- **YOUR INSTRUCTIONS**
Return the material exactly, first line through the line containing "Maoists set afire", and nothing more. Pictures stay out.
(EXERCISE DATA)
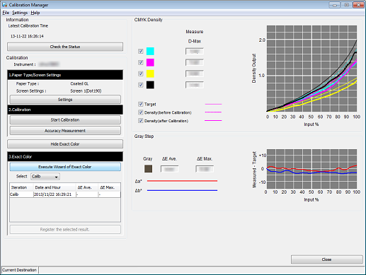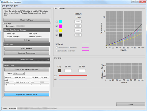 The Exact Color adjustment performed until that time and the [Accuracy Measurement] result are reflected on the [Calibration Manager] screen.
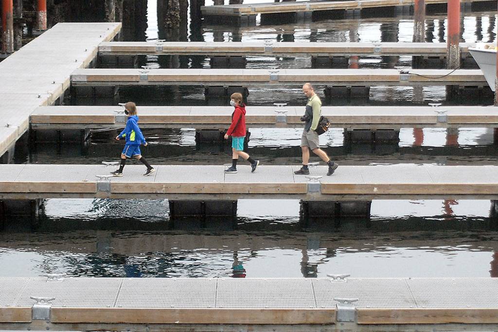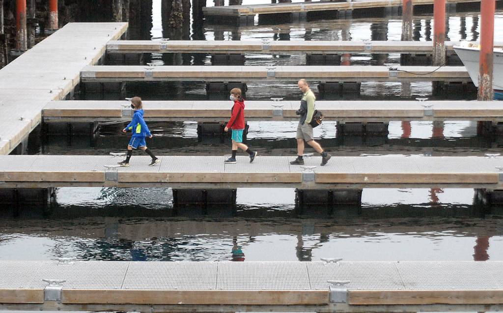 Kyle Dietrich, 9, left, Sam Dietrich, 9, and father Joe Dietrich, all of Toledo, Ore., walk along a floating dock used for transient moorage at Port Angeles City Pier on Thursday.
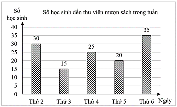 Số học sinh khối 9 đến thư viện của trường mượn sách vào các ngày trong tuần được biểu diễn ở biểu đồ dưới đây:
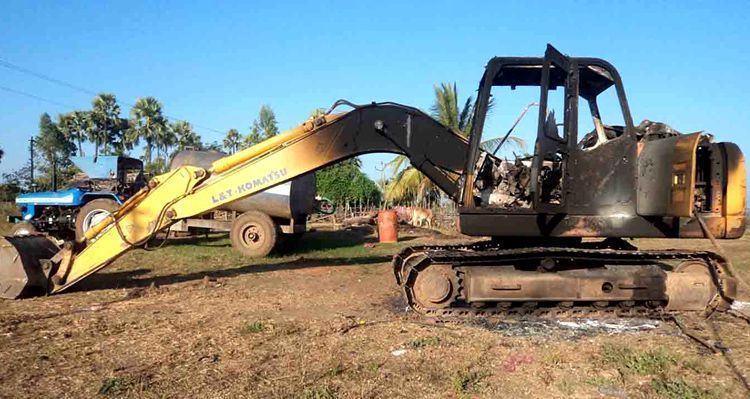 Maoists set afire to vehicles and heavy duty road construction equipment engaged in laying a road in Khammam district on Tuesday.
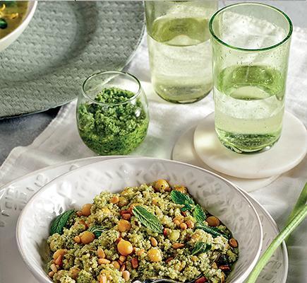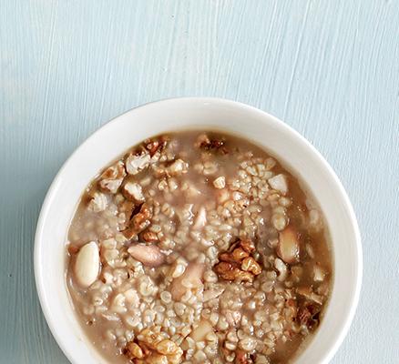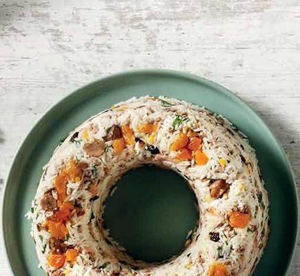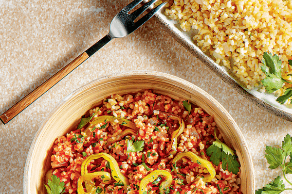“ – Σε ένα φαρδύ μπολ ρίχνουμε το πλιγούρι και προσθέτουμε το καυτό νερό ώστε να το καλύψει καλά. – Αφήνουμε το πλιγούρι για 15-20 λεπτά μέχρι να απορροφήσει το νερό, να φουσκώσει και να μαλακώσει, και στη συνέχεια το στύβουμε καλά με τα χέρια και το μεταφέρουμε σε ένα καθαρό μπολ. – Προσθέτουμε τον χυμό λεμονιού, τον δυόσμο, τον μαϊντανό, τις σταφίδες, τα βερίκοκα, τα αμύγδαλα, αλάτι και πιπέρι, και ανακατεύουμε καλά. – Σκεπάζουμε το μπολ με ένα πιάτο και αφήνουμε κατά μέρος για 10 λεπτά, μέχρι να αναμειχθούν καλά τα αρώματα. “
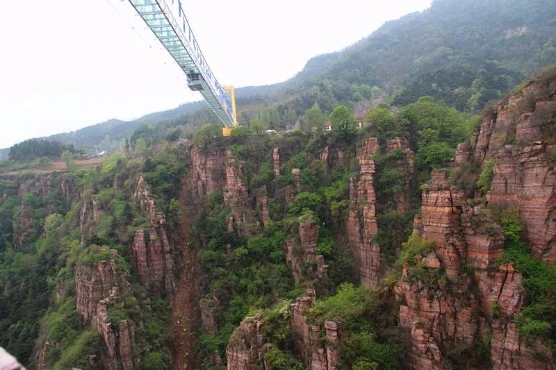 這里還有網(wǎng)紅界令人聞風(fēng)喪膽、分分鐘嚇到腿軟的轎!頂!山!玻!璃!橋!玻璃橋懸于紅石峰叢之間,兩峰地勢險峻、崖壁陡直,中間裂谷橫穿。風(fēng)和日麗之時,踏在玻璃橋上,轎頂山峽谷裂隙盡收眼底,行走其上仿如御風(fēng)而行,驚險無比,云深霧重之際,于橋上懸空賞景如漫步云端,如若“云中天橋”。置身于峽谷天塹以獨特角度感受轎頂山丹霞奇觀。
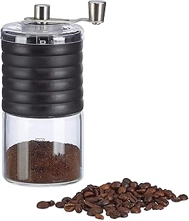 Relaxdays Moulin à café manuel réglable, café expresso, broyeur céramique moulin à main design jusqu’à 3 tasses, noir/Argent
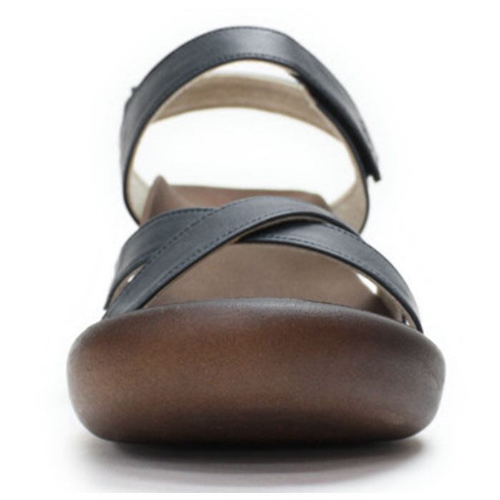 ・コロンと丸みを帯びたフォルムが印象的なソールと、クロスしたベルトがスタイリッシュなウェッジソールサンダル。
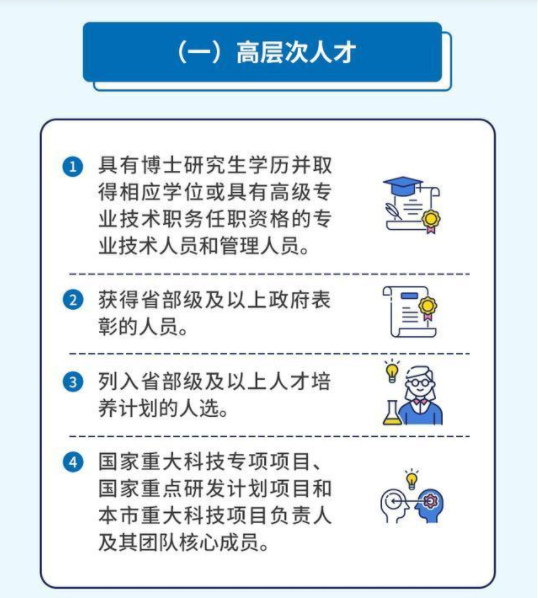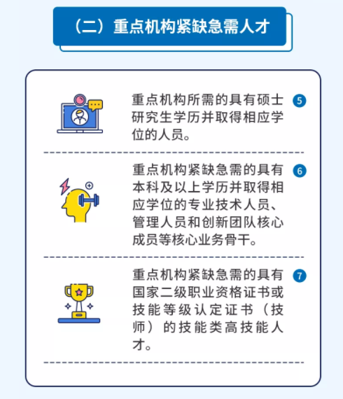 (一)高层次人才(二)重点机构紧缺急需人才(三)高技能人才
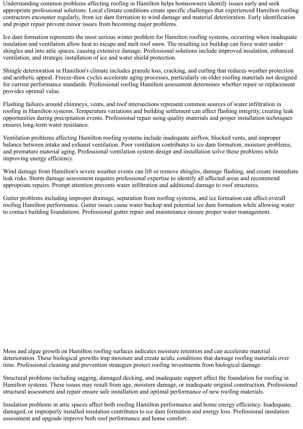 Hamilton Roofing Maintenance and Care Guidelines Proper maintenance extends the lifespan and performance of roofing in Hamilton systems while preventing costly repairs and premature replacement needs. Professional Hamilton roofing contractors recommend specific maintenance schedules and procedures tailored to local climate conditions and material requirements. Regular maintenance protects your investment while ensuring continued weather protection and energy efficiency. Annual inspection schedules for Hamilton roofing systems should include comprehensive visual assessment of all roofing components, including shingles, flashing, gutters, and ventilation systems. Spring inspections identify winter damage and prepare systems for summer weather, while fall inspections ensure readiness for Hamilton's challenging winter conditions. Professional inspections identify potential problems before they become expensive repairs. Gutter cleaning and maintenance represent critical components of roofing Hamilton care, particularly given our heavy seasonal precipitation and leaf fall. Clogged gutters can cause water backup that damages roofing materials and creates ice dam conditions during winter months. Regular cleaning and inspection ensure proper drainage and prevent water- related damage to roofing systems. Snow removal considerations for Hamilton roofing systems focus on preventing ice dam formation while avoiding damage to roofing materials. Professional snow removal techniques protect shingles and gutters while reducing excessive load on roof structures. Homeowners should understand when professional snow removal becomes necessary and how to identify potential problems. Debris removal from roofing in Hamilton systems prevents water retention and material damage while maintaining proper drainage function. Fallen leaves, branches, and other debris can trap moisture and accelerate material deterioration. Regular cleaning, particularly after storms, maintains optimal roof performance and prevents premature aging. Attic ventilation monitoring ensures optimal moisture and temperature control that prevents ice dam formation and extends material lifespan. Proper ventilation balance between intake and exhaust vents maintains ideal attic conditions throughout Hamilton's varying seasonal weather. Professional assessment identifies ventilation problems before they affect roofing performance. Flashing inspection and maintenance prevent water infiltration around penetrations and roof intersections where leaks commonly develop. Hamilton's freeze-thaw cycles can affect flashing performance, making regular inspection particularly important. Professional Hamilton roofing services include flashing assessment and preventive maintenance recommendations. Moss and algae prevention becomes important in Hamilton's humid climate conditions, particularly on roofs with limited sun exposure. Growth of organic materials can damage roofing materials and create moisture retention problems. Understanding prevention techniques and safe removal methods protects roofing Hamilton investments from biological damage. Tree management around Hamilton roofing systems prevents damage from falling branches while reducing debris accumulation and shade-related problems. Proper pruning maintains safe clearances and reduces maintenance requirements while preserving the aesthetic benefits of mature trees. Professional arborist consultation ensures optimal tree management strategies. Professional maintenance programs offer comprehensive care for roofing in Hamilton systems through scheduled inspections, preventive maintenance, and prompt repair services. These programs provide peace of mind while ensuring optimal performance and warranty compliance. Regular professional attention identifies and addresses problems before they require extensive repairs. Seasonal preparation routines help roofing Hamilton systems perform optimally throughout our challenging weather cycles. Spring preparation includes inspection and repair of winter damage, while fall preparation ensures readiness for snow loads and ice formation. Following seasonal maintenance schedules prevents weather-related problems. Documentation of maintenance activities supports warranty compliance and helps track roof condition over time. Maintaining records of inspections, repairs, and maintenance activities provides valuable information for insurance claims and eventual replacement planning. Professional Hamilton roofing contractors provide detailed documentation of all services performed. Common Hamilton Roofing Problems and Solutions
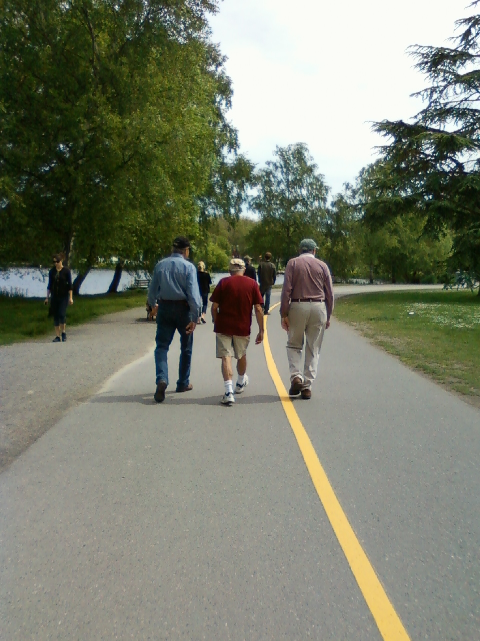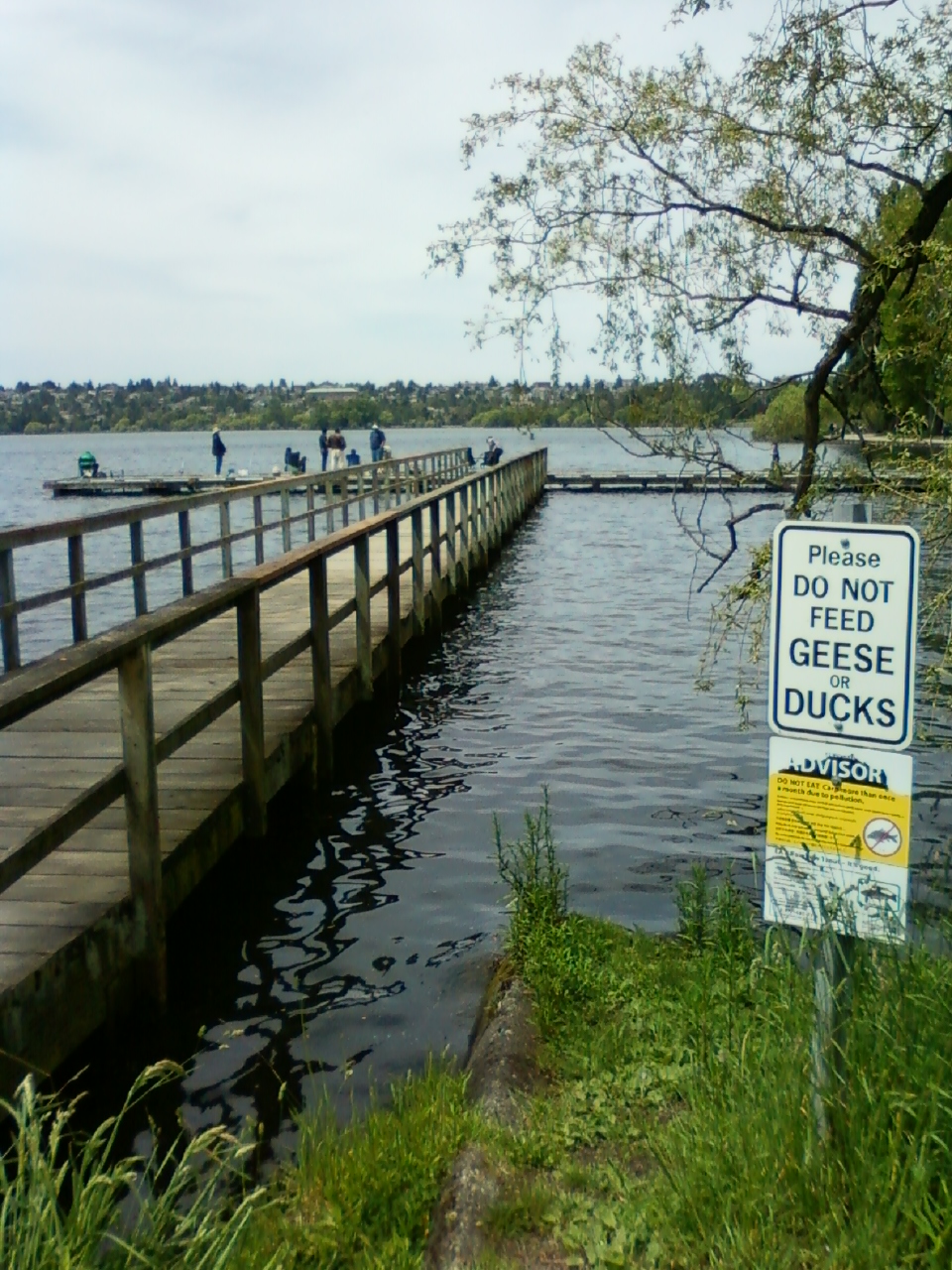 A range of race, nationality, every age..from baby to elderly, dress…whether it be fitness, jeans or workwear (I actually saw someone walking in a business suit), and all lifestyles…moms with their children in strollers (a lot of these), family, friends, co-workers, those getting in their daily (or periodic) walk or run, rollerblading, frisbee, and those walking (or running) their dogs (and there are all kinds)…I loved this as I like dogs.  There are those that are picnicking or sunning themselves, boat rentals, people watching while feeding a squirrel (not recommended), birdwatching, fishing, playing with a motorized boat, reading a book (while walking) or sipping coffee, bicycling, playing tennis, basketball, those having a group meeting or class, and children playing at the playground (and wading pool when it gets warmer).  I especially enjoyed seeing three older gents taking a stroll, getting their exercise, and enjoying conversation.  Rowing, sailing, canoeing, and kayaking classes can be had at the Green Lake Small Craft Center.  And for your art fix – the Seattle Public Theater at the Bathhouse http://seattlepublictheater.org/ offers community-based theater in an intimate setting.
(End EXERCISE DATA)
- **RESPONSE BOX**
 The Exact Color adjustment performed until that time and the [Accuracy Measurement] result are reflected on the [Calibration Manager] screen.
 Kyle Dietrich, 9, left, Sam Dietrich, 9, and father Joe Dietrich, all of Toledo, Ore., walk along a floating dock used for transient moorage at Port Angeles City Pier on Thursday.
 Số học sinh khối 9 đến thư viện của trường mượn sách vào các ngày trong tuần được biểu diễn ở biểu đồ dưới đây:
 Maoists set afire to vehicles and heavy duty road construction equipment engaged in laying a road in Khammam district on Tuesday.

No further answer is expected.